The question that naturally arises is: has the world finally reached a “multilateral moment”? The Iran nuclear deal and, to a great extent, the climate deal signed in Paris late in December are certainly symbolic of a burgeoning phase of multilateralism. This was characterised by the U.S. not acting as a singular fulcrum of power, but as one among a set of actors, sometimes in concert and sometimes in dissonance. The rise of the Right That said, though there are cracks in the post-Cold War order, it’s still not clear whether it will evolve into a balanced multipolar world.
The recent changes in the global economic architecture and power politics have not only challenged the U.S.-centric world, but have also unleashed forces of instability which could slow down, if not prevent, the emergence of a new system. For example, if the global financial crisis challenged the Western dominance in the global order, it also triggered enormous social and political tensions, especially in the domestic arena of the countries in the developed world. The rise of the Right in Europe as well as in the U.S. is a clear manifestation of these tensions.
On the one hand, the Western project failed to mainstream cultural dissent.

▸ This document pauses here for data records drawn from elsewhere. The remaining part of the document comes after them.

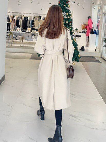 ロングコート レディース コート ロング丈 アウター 羽織 長袖 ウエストベルト きれいめ エレガント カジュアル お出かけ 襟あり ダブルブレスト ベージュ 秋冬 おしゃれ ロングコート レディース
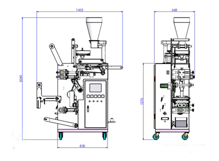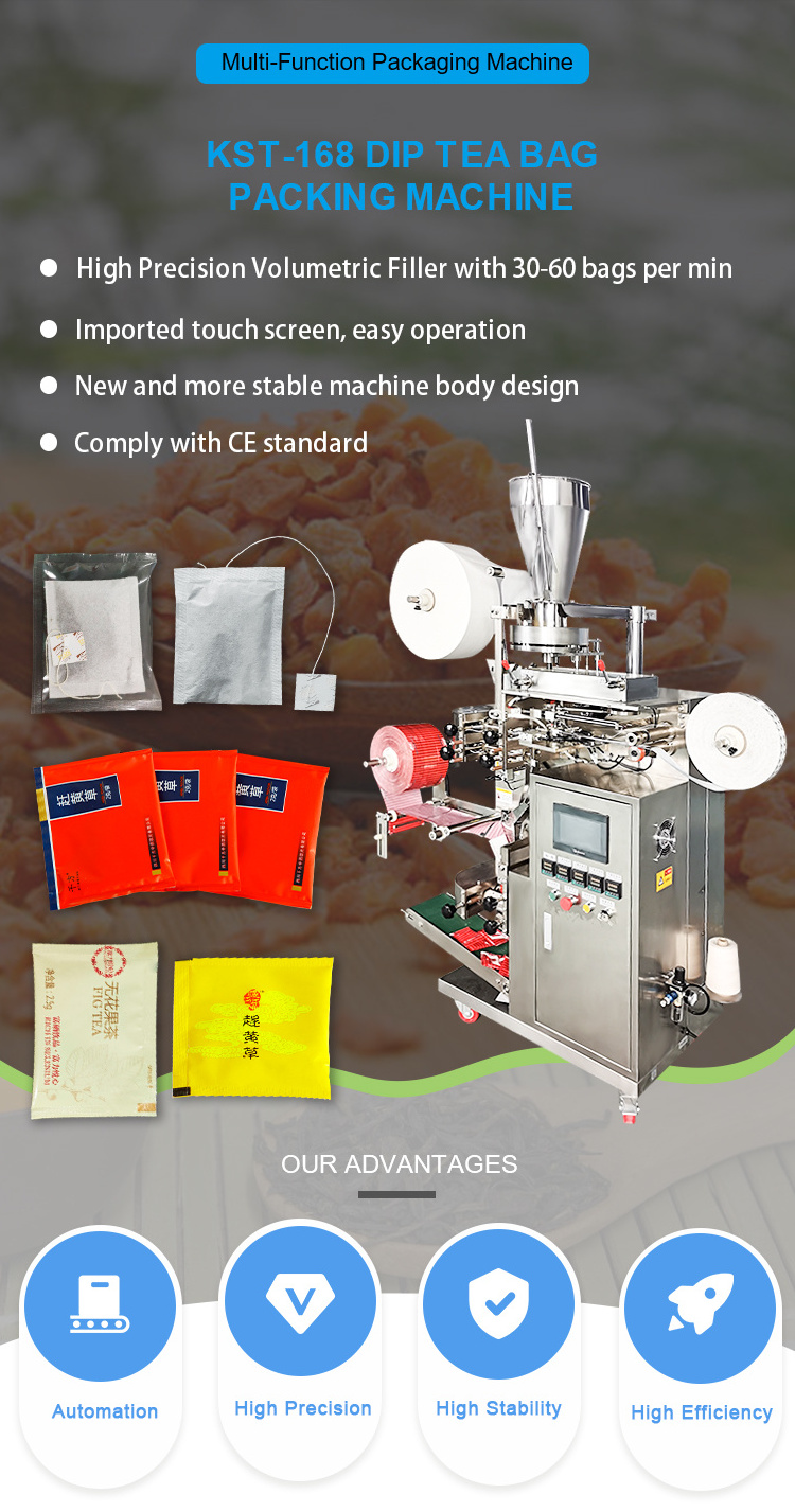 KST-168, the small tea bag packing machine, specially design for filter paper dip tea bag packing, adopts the VOULUME CUP filling and Weighing system, HMI control, easy operation. It is widely used in different kinds of tea and little granule packing, the accuracy can arrives at ± 0.2 grams/bag.
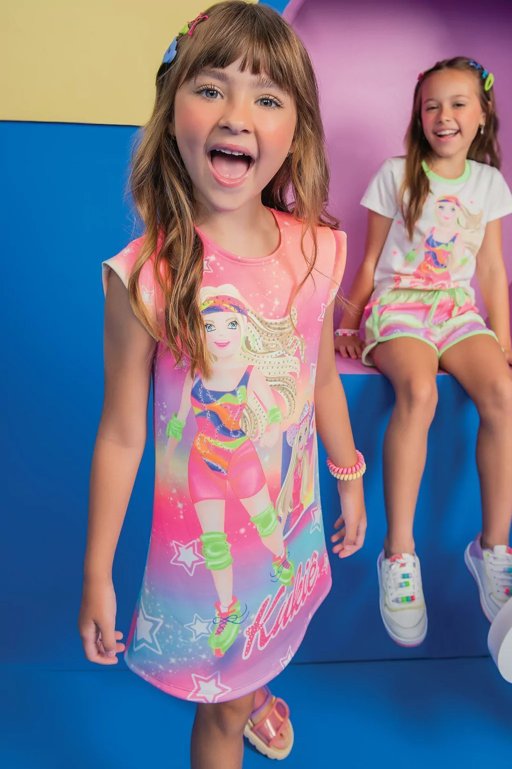 Vestido em fly tech com mangas curtas, corte retilíneo e todo estampado (ambos lados).
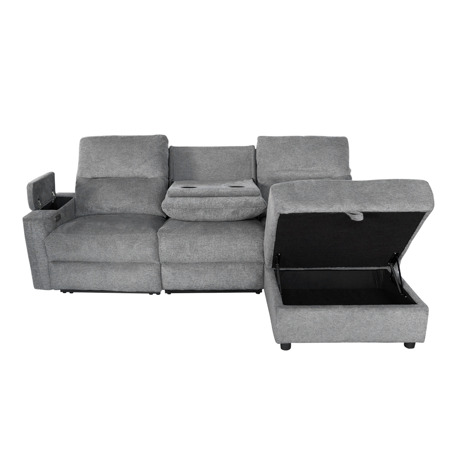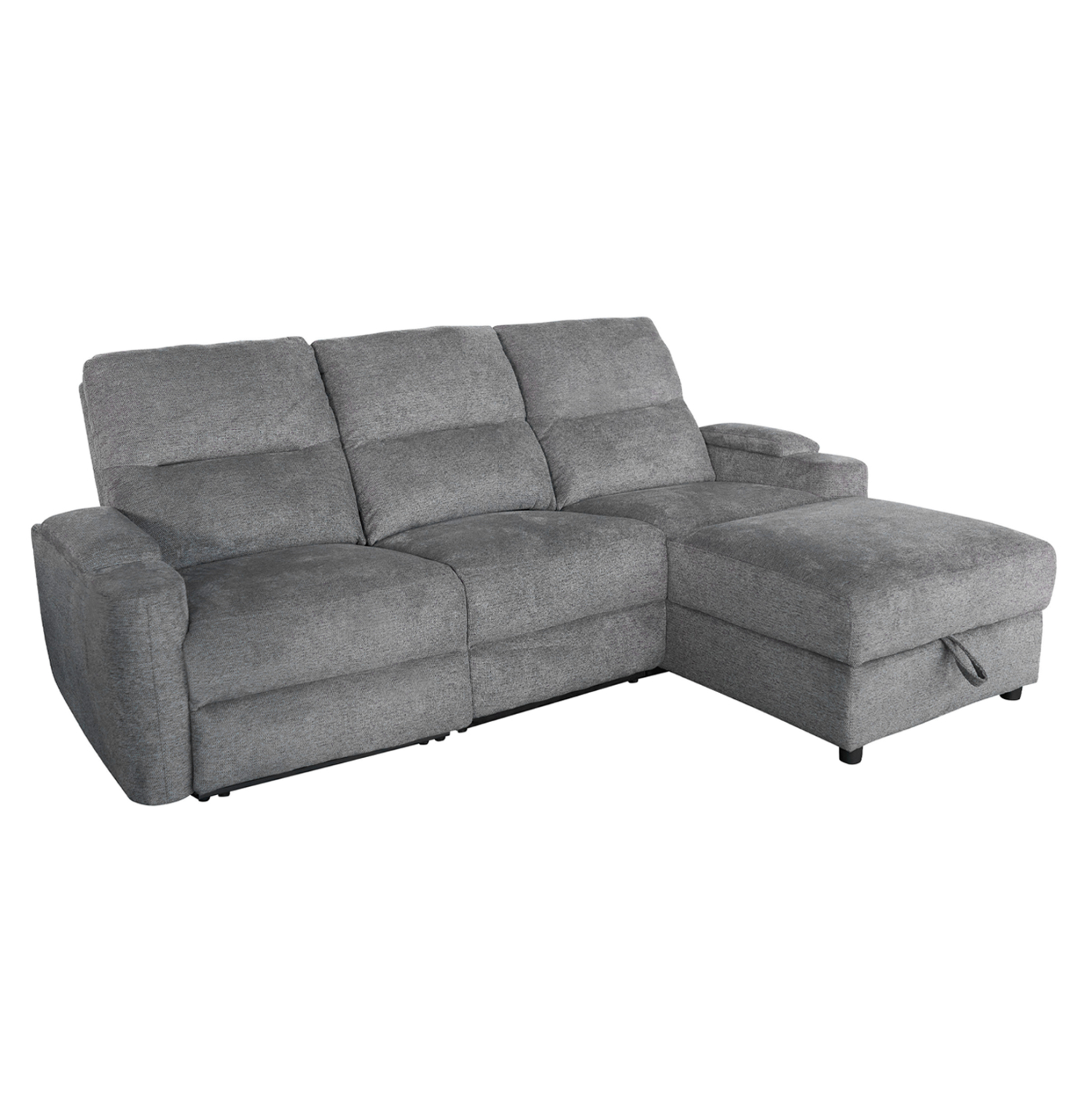 Τριθέσιος Δεξιός Γωνιακός Καναπές FB93308.03R– ΓΚΡΙ Ύφασμα, με Ηλεκτρικό Ανακλινόμενο Κάθισμα, Αποθηκευτικό Χώρο & Πτυσσόμενο Τραπέζι

On the other, economic crises, growing unemployment and the real and perceived threat of Islamist terrorism have emboldened a far-Right narrative of state and society in a number of Western nations. In Victor Orban, Hungary already has a Prime Minister who calls for protecting Europe’s “Christian values” against the influx of migrants. In France, the far-right Front National of Marine Le Pen was defeated in December’s regional elections only through a tactical voting. In the U.S., the rise of Donald Trump as a leading Republican presidential candidate who wants to ban the entry of Muslims is alarming. Despite running a highly polarised primary campaign, Mr. Trump is still the most popular candidate among the Republican hopefuls. If the New Right captures power in any of the major countries, say France or the U.S., its consequences for the international system could be monumental.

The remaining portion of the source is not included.